Thing is, love isn’t really that precious.

Anyone who has lived through a love or few know that love, however amazing it might be, is one dimension of life – not the only one. We can and do live through heartbreaks. We can and do live without love, being alone, just by ourselves. Some for two nights or one, and some for all their years, to loosely quote Vikram Seth’s poem, “All you who sleep tonight.”

It can get very harsh and even despairing when love starts to crack and threatening to fall apart altogether. At such times, if we gave ourselves the time and space to see ourselves through all that pain, we could come out on the other side and realise that love is, after all, not everything.

Mahesh Natarajan
Mahesh Natarajan

Love is some thing alright, but it is far from being the alpha and the omega of life that we make it out to be. When love doesn’t quite work out the way we want it to work, it is one of the toughest things one goes through in life.

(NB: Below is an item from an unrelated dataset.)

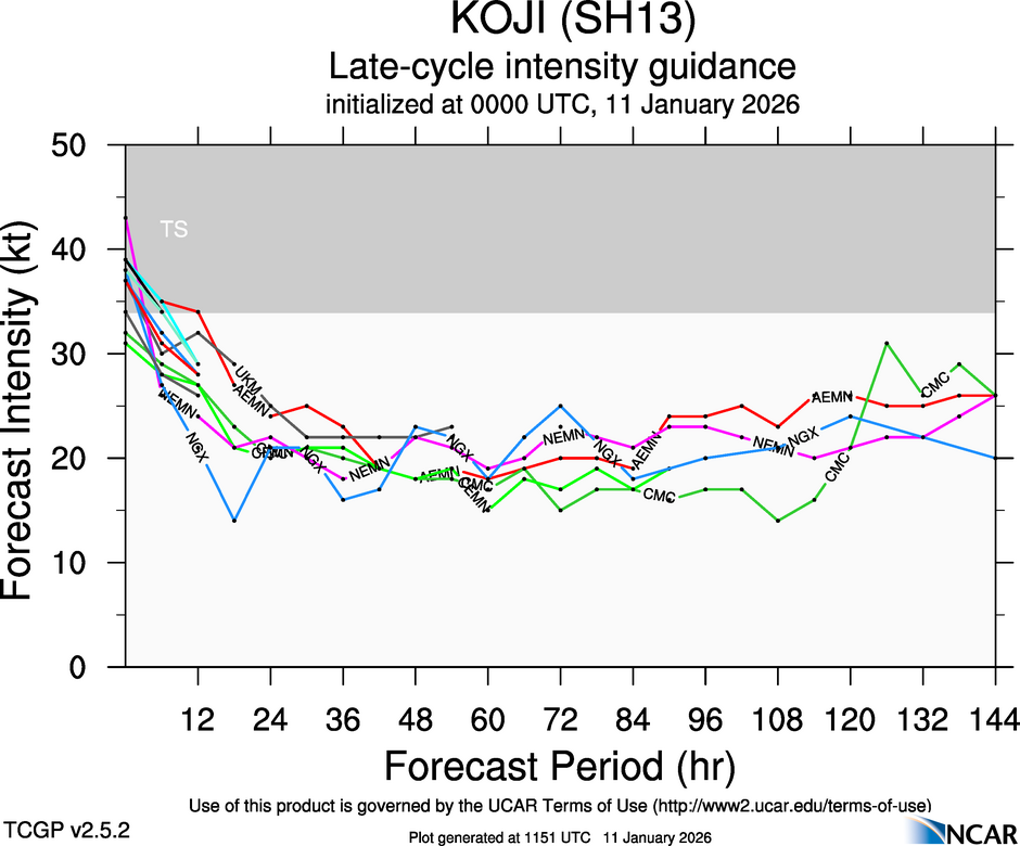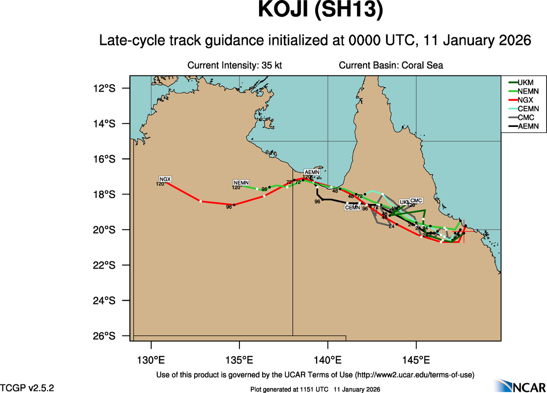 At 0600 UTC, 11 January 2026, KOJI (SH13) was located in the Coral Sea basin at 20.7°S and 147.3°E. The current intensity was 30 kt and the center was moving at 9 kt at a bearing of 195 degrees. The minimum central pressure was 993 mb.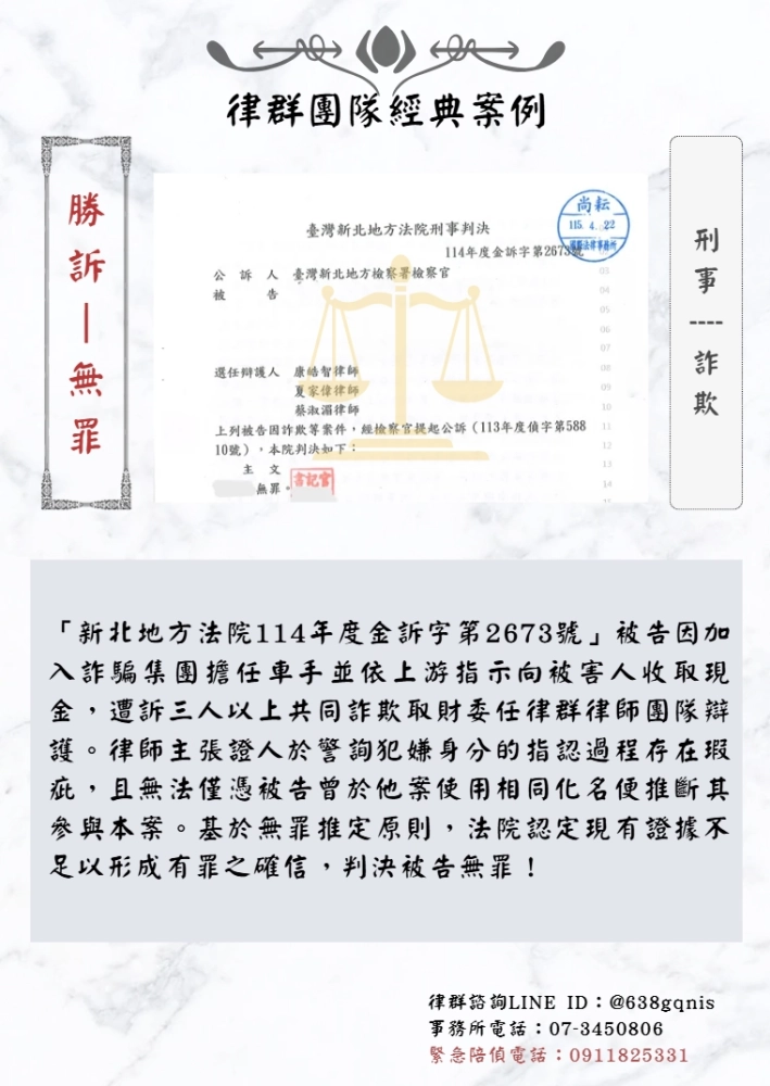 「新北地方法院114年度金訴字第2673號」被告因加入詐騙集團擔任車手並依上游指示向被害人收取現金,遭訴三人以上共同詐欺取財委任律群律師團隊辯護。律師主張證人於警詢犯嫌身分的指認過程存在瑕疵,且無法僅憑被告曾於他案使用相同化名便推斷其參與本案。基於無罪推定原則,法院認定現有證據不足以形成有罪之確信,判決被告無罪!

The heart breaks, the body refuses to work, we feel like our brain is just a mass of grey concrete – hard and rough, and some days, it can seem like our soul is hanging on to our body by a thread.

Even if, in that moment, all we can do for days is to drink some water and maybe eat nothing more than a slice of bread, and otherwise just stay in bed, we need to just do it.

The pain does get easier to live with even if it doesn’t go away altogether. Our life gets bigger and we find that life is bigger, with deeper dimensions to it. The pain of losing love, knowing how anguished we can get, how hopeless and despairing, and allowing it to teach us that life is precious, not love by itself, that’s when we truly start to live.

We just need to know it. It helps if we could always know it, even before we ever experience the sweet pain of love and the harsh reality of a love falling apart, but often, we just have to experience it for ourselves.

Love is lovely, but no single love is really the most precious thing. Life is the most precious and life is lovable in and of itself.